Najnowsze wiadomości z ostatniej chwili Fred Astaire był wdowcem przez 27 lat, zanim ponownie poślubił kobietę, która była 45-letnia młodsza na Fabiosie
Drugie małżeństwo Freda Astaire'a z kobietą młodszą od niego o 45 lat zadziwiło wielu ludzi w Hollywood, w tym jego własną rodzinę.
Zobacz ten post na InstagramiePost udostępniony przez Melany (@oldhollywoodparade) w dniu 7 stycznia 2019 r. o godzinie 11:41 czasu PST
Pierwsze małżeństwo Freda Astaire'a z Phyllis Potter
Pierwszym małżeństwem aktora była nowojorska socjalistka Phyllis Potter. Zmarła w wieku 46 lat na raka płuc. Jej śmierć położyła kres szczęśliwemu małżeństwu trwającemu ponad dwie dekady. Był tak zdruzgotany jej śmiercią, że próbował przerwać proces kręcenia Daddy Long Legs . Aktor został ostatecznie przekonany, by został.

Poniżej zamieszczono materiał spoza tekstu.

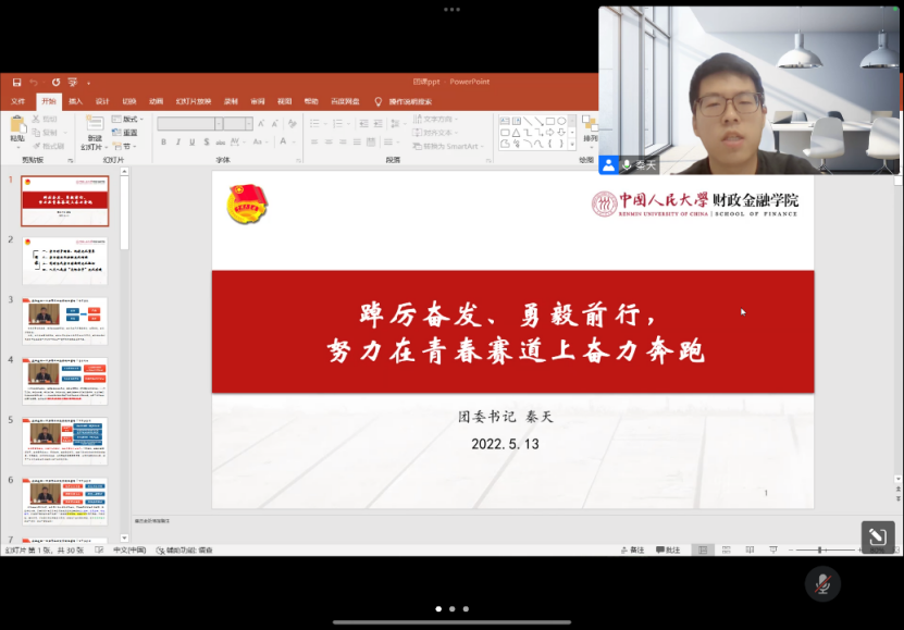 在此次团课中,秦天老师向同学们深刻解读了习近平总书记在庆祝中国共产主义青年团成立100周年大会上、在304永利集团官网考察时的两次重要讲话精神,强调同学们要坚定不移跟党走,为党和人民奋斗,激荡青春力量。他结合具体实例,与支部成员讨论了“为谁培养人,培养什么样的人,怎样培养人”的问题,指出青年要把自己培养成革命的先锋分子,要不怕困难、脚踏实地,富有实践精神。他还带领支部成员回顾了中国共产主义青年团的百年历程,并鼓励同学们要树立远大理想、热爱伟大祖国,担当时代大任,让青春在新时代的广阔天地中绽放。最后,秦天老师总结道:立足新时代新征程,身为人大学子,更应该从实践出发,以问题为导向,不断磨练自身的能力;更应该牢记党的教诲,立志民族复兴,不负韶华,不负时代,不负人民!

Czy jego drugi związek był szczęśliwy?
Dziesięciolecia po śmierci swojej pierwszej żony Fred postanowił dać małżeństwu kolejną szansę. Poznał Robyn Smith, młodą o 45 lat młodszą gwiazdę wyścigów. Później pobrali się po cichu w jego domu.
Małżeństwo, które zaszokowało Hollywood, a nawet jego rodzinę, było szczęśliwe, ale nie trwało zbyt długo. W wywiadzie Robyn opowiedziała o swoim siedmioletnim małżeństwie i powiedziała:
Zanim się pobraliśmy, Fred zrobił wszystko w swoim życiu - więcej niż raz. Był w nastroju na relaks i wyluzowanie. To mi odpowiadało. Był tak ekscytującym człowiekiem, że nie musieliśmy wiele robić. Po prostu zawsze dobrze się bawiliśmy - wiem to.
Po ślubie Robyn wycofała się z wyścigów, ponieważ Fred martwił się, że może się zranić. Para lubiła grać razem w golfa i oglądać najnowsze filmy o północy, aby nikt nie mógł go rozpoznać, gdy byli poza domem.
Robyn nawet zmusiła aktora do oglądania własnych filmów w domu, ponieważ nigdy nie lubił oglądać siebie na ekranach telewizyjnych. Ich bajkowy romans niestety się rozpadł, gdy Fred zachorował na zapalenie płuc i zmarł na rękach żony.
Przysięga, że nigdy nie wyjdzie za mąż
Robyn była naprawdę zdruzgotana śmiercią męża. Dziesiątki lat po jego śmierci były zawodnik konny mówi, że wciąż czuje jego nieobecność i desperacko za nim tęskni.
Wdowa po Fredie powiedziała również, że nigdy więcej nie wyjdzie za mąż i nie jest zainteresowana nawet randkami. Powiedziała: „Kochałam go i tak wiele mu zawdzięczam. Nie mogę myśleć o innym mężczyźnie ”.
Jest oczywiste, że nawet pomimo 45-letniej różnicy wieku Fred i Robyn bardzo się kochali i bardzo się kochali.